_INSTRUCTIONS FOR THE TASK_.
Starting at the line that holds "- Il giocatore" and stopping at the line that holds "Chắc hẳn đây", restate the records below word for word, with both of those lines included.
━━━━━ EXTRACTED ENTRIES ━━━━━
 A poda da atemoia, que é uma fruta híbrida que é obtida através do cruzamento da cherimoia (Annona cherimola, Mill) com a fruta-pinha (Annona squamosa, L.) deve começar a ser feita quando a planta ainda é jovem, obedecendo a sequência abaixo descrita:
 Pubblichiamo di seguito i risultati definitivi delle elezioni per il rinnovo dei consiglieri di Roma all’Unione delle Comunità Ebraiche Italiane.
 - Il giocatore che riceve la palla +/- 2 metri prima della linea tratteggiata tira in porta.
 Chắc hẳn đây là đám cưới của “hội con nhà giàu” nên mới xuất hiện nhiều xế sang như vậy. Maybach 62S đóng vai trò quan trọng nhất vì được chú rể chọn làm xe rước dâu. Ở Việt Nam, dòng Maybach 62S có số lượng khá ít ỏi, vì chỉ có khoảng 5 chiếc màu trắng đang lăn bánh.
━━━━━
━━━━━ EXTRACTED ENTRIES ━━━━━
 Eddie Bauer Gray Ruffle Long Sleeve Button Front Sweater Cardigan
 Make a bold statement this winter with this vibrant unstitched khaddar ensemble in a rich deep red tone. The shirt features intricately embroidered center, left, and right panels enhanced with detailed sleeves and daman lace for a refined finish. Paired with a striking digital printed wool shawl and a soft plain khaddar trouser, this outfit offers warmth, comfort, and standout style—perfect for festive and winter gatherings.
━━━━━
_YOUR RESPONSE_.
 - Il giocatore che riceve la palla +/- 2 metri prima della linea tratteggiata tira in porta.
 Chắc hẳn đây là đám cưới của “hội con nhà giàu” nên mới xuất hiện nhiều xế sang như vậy. Maybach 62S đóng vai trò quan trọng nhất vì được chú rể chọn làm xe rước dâu. Ở Việt Nam, dòng Maybach 62S có số lượng khá ít ỏi, vì chỉ có khoảng 5 chiếc màu trắng đang lăn bánh.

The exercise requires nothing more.